* _TASK_
Search the listing below for the string "through" and copy every line where it occurs.

* _MATERIAL PROVIDED_
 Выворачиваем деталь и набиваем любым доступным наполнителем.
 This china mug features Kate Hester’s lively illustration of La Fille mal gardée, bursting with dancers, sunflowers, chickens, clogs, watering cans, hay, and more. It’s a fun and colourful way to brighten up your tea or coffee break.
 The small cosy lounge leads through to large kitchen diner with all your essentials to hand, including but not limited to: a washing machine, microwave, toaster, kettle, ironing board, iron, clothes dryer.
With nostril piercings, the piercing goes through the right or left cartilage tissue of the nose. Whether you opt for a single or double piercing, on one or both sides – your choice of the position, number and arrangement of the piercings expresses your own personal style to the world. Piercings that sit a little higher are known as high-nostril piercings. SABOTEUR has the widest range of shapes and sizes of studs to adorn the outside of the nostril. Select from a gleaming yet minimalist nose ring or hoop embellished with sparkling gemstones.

* * *

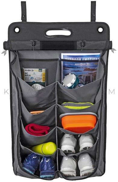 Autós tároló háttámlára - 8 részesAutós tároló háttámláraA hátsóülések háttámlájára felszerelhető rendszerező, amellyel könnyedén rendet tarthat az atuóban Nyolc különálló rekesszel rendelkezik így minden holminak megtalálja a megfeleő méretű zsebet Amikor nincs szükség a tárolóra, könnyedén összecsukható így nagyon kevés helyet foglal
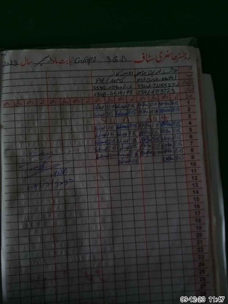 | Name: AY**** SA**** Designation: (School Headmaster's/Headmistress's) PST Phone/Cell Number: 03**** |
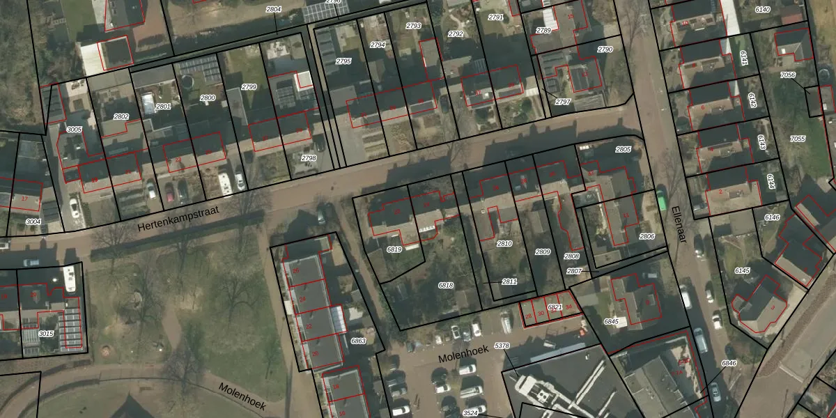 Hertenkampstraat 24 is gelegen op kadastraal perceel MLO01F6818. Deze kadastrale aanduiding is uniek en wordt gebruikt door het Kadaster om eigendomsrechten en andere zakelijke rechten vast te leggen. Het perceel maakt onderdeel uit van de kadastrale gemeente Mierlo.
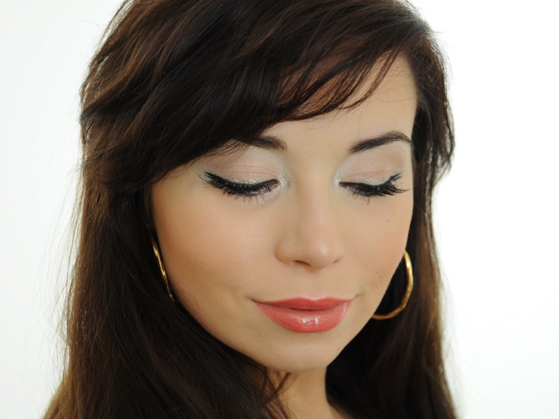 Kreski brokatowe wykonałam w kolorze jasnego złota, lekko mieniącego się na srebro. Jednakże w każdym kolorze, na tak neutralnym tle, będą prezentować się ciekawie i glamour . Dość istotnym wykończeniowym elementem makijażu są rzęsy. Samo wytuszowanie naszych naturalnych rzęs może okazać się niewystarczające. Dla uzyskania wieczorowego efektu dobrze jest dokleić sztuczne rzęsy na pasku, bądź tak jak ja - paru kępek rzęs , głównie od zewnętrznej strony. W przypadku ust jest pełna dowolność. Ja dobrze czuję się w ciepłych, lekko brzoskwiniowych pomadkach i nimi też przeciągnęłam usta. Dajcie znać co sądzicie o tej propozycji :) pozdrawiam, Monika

--

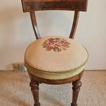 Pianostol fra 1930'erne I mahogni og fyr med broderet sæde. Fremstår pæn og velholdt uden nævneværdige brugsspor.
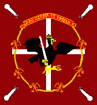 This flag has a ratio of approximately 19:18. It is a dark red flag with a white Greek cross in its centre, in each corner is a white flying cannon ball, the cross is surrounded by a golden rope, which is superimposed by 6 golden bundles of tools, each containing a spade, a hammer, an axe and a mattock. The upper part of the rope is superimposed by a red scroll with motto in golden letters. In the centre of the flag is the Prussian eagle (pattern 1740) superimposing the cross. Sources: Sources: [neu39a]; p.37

* _SOLUTION FOR THIS PROBLEM_
 The small cosy lounge leads through to large kitchen diner with all your essentials to hand, including but not limited to: a washing machine, microwave, toaster, kettle, ironing board, iron, clothes dryer.
With nostril piercings, the piercing goes through the right or left cartilage tissue of the nose. Whether you opt for a single or double piercing, on one or both sides – your choice of the position, number and arrangement of the piercings expresses your own personal style to the world. Piercings that sit a little higher are known as high-nostril piercings. SABOTEUR has the widest range of shapes and sizes of studs to adorn the outside of the nostril. Select from a gleaming yet minimalist nose ring or hoop embellished with sparkling gemstones.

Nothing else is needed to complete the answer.